Dubai: The business of gold and glitter is going through a transition in the UAE. The bigger jewellery houses are gradually moving away from just selling imported gold jewellery to actually making them here.

Kalyan Jewellers, which entered this market over two years ago, confirmed that its second jewellery design and manufacturing unit in the UAE will be operational within weeks.

The facility, with a capacity of 200 kilograms a month, adds to an existing 250 kilogram-a-month production unit. Both are located in Sharjah.

“Between these two facilities, we will be in a position to meet the bulk of the inventory needs for our stores in the Gulf,” said Ramesh Kalyanaraman, executive director. “And they will come in particularly handy when we launch in Saudi Arabia. The Saudi launch is taking a bit more time than we anticipated, but when we do, the plan is to have 10-12 stores.”

A local production facility also removes the costs and customs duty involved in importing jewellery pieces. At a time when consumers are getting extra sensitive about volatile gold prices, anything that can reduce the showroom prices can come in handy for retailers.

Kalyan is still in the build up phase of its retail expansion in the Gulf. Last week it added three stores in the UAE, and the first one is due to open in Oman.

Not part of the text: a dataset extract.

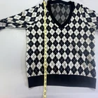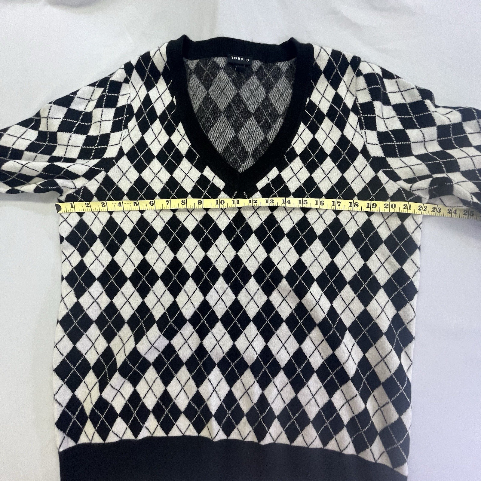 The Torrid Women's Long Sleeve Argyle V-Neck Pullover Black & White Sweater in size 1X is a stylish and comfortable addition to any woman's wardrobe. This tight-knit sweater features a classic argyle/diamond pattern in black and white, perfect for casual or workwear occasions in the fall and winter seasons. The relaxed fit and raglan sleeves provide everyday softness and a touch of preppy style. Machine washable and made of a blend of polyester, nylon, and rayon, this pullover sweater from Torrid is a versatile and practical choice for the modern woman. Measurements are flat lay Torrid Sz 1 = 1X 14-16

That only leaves Saudi Arabia as the last major piece to fit in.

The brand currently operates 28 stores in the Gulf and about 90 in India.

“Our forecast is that gold prices will remain between $1,300-$1,400 [Dh4,774-Dh5,142] an ounce for now,” said Kalyanaraman. “At these levels, I believe the gold component could grow at between 4-5 per cent at the retail level in the next two years. But demand for studded jewellery could be in the range of 10-12 per cent during the same period.

“Consumers are cautious about what they want to spend on and the frequency, but gold is far from being in a state of decline.

“What’s happening more and more is that much of the buying is happening around the major events, such as festivals, the holidays or when gold prices suddenly see some heavy action. What’s not happening is the consistent month-on-month buying pattern. But the industry can adjust to that.”

It is this belief that has Kalyan looking at a potential entry into the US market. Other UAE-based jewellery retailers such as Joyalukkas are already in that space as they bid to open up more organic growth opportunities.

“Wherever there’s a large Indian resident base, it makes sense for an Indian jewellery retailer to be there,” said Kalyanaraman. “Apart from some of the US cities, Singapore and Malaysia are also in our plans.”

As for its India operations, the retailer believes that with the recent changes in the sales tax regime, organised jewellery operators are in with a definite advantage.

The Goods and Services Tax (GST) became effective on July 1, and on gold and jewellery transactions it is set at 3 per cent against the 2.25 per cent sales and excise tax earlier.

“Though marginally the tax component has gone up, it will bring see organised retailers gaining marketshare,” said Kalyanaraman. “Before GST, the unorganised sector was accounting for 80 per cent of gold purchases in India. By this year-end itself, I think that will drop to 70 per cent because shoppers will want to be sure about their paperwork for the tax authorities. No longer will we see cases of under-invoicing and the like, which is where the unorganised players used to have an advantage.

“India is a market where consumer tastes can change every 40km or so. But some things are unlikely to change — gold is not going to turn into a fashion accessory for a good majority of Indian shoppers. It’s something deeper as part of their culture... and will remain so.”